Правда, не для всех 100 % экспонатов.

7

Скажем, я не люблю музеев декоративно-прикладного искусства, потому что объекты оттуда одной ногой стоят в утилитарной надобе. Даже если никто и никогда не пользовался этим фарфором, тканями и оружием, формы их и назначение не противоречат жизненному укладу – эйдически они для него замыслены и изготовлены.

Мне же нужна полная и бескомпромиссная невключенность. Или выключенность. Маленькая смерть. Остановка дыхания в пути.

Утроба надобы отвергает исключение из списков живущих, музеи – это те же кладбища, на которых, правда, происходят постоянные изменения.

Этим музеи мне и любезны: они следующая после кладбищ стадия отвлечения от жизни, менее радикальная, ибо более закамуфлированная под некрофилию некрофилия.

Частный случай ее – тяги к смерти.

Давно пора перестать стесняться того, что в музеях тебя меньше всего интересуют артефакты.

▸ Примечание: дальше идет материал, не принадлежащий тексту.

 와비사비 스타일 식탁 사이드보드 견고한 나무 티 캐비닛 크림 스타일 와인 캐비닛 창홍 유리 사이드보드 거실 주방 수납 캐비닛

И даже не архитектурные и экспозиционные решения, но ощущение особого пространства между жизнью и искусством, около искусства, но не внутри него, поскольку здесь тебе ничего не принадлежит и принадлежать (даже потенциально) не может.

Тебя пустили сюда на время, а принадлежит только то, что может быть рядом с тобой по твоему, а не по чужому желанию.

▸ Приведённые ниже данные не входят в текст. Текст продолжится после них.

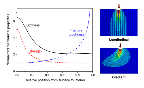 图1:梯度结构取向效应实现生物材料力学性能从表面到内部梯度变化规律,从而提高材料整体抵抗接触损伤的能力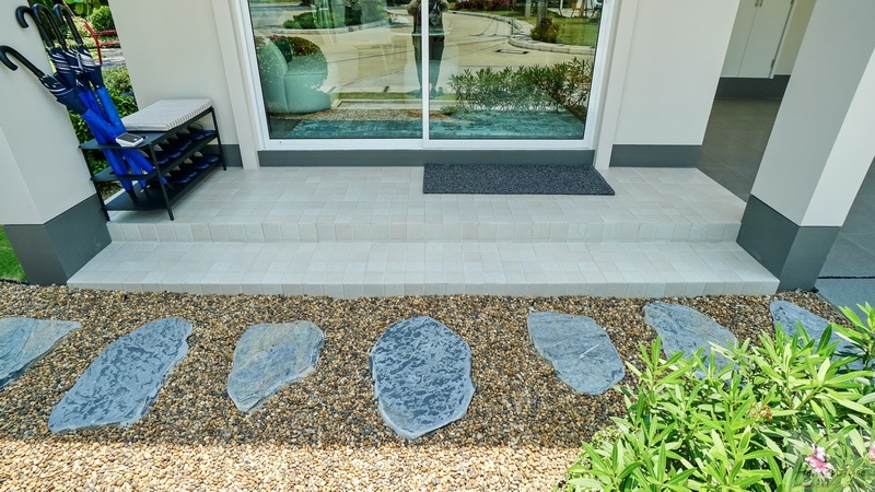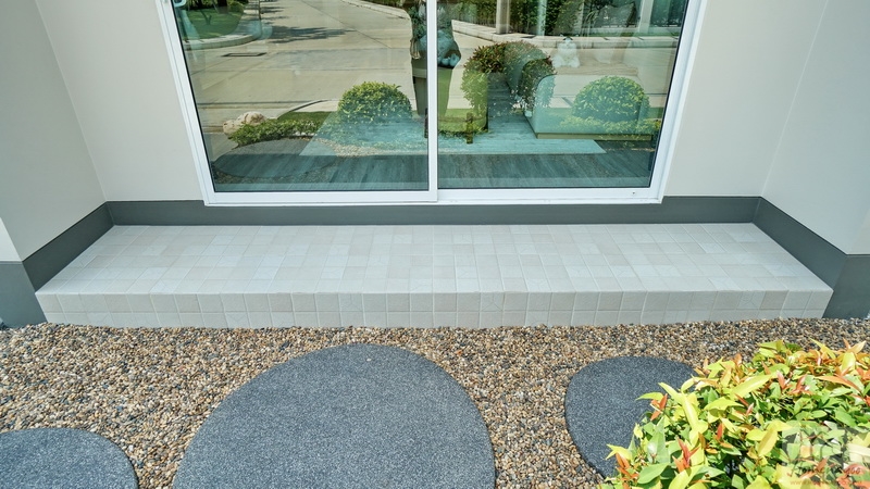 เฉลียงบ้านกว้างแนวยาวปูพื้นกระเบื้องโทนสีเทาอ่อนยกพื้นขึ้นมา 1 Step ด้านข้างเดินเชื่อมไปยังสวนหรือโรงจอดรถสะดวก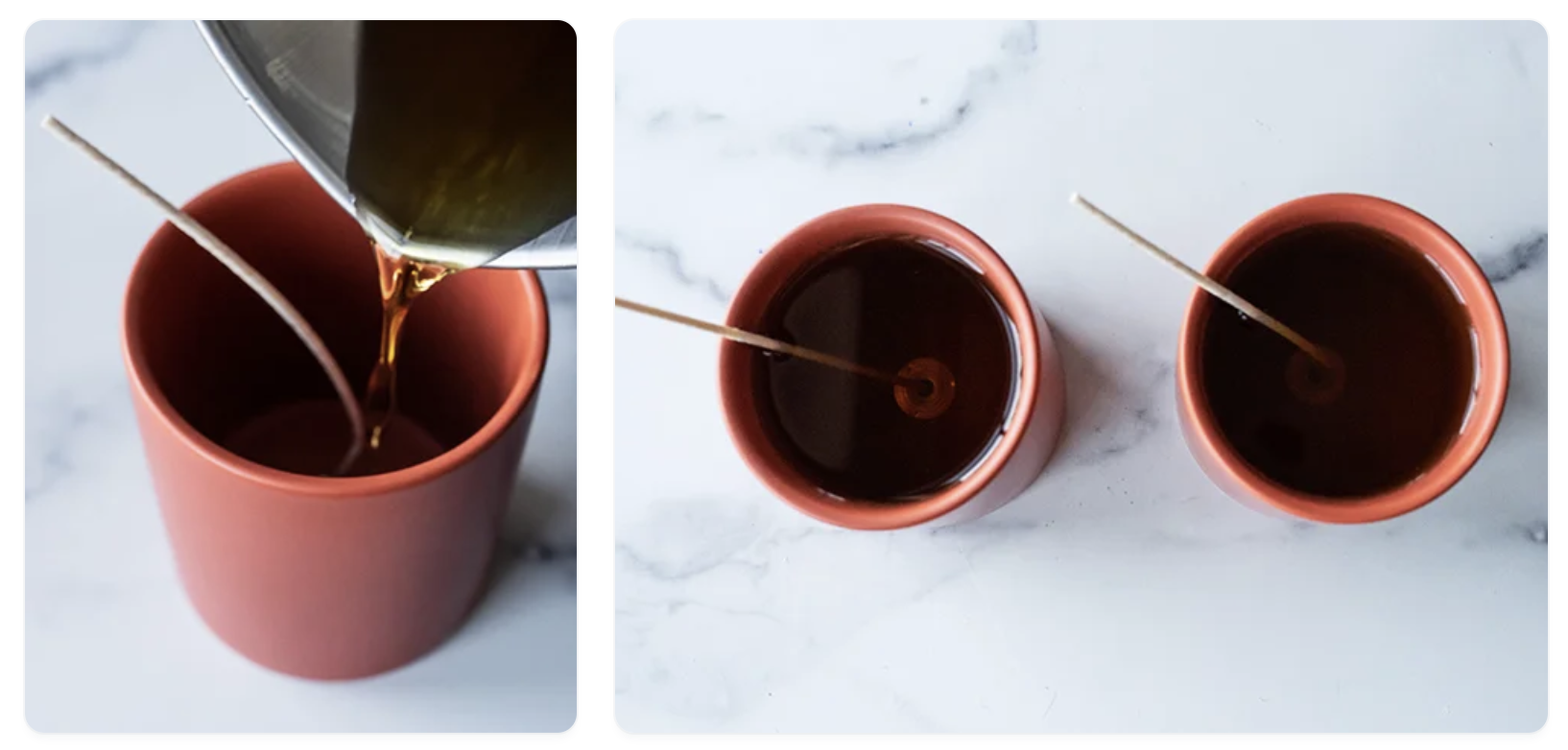 بعد از اینکه اسانس و پارافین را با هم مخلوط کردید، مخلوط را به آرامی داخل ظرف شیشهای بریزید. در طول این کار دقت کنید که فتیله در وسط ظرف ثابت بماند.

Как скажем, поздней ночью или самым ранним утром, когда у тебя вдруг возникает категорическая необходимость в подлинном Вермеере.

Принадлежит то, что подлаживается под твое восприятие и под твое потребление, а не наоборот.

Музей – это именно что организация пространства, особым образом устроенного; не случайно время здесь пожирается незаметно, уступая свое место, ну, скажем, мышечной боли усталых ног.

Имеет место быть хронотоп, то есть индивидуальные отличия конкретного мироустройства с очевидным перекосом в сторону протяженности.

По сути, музей воздействует как огромная тотальная инсталляция.

Собственно, жанр инсталлирования, а затем и тотального инсталлирования, «инвайромента», оказывается откликом на возросшую демократизацию зрительских толп и их активного соучастия, происходящего не с ними, в том, что происходит с ними и внутри них, нас.

8

Музей – институция, обобщающая все виды искусства, включающая в себя все, от театра и кино вплоть до музыки и пластики, не говоря уже о литературе.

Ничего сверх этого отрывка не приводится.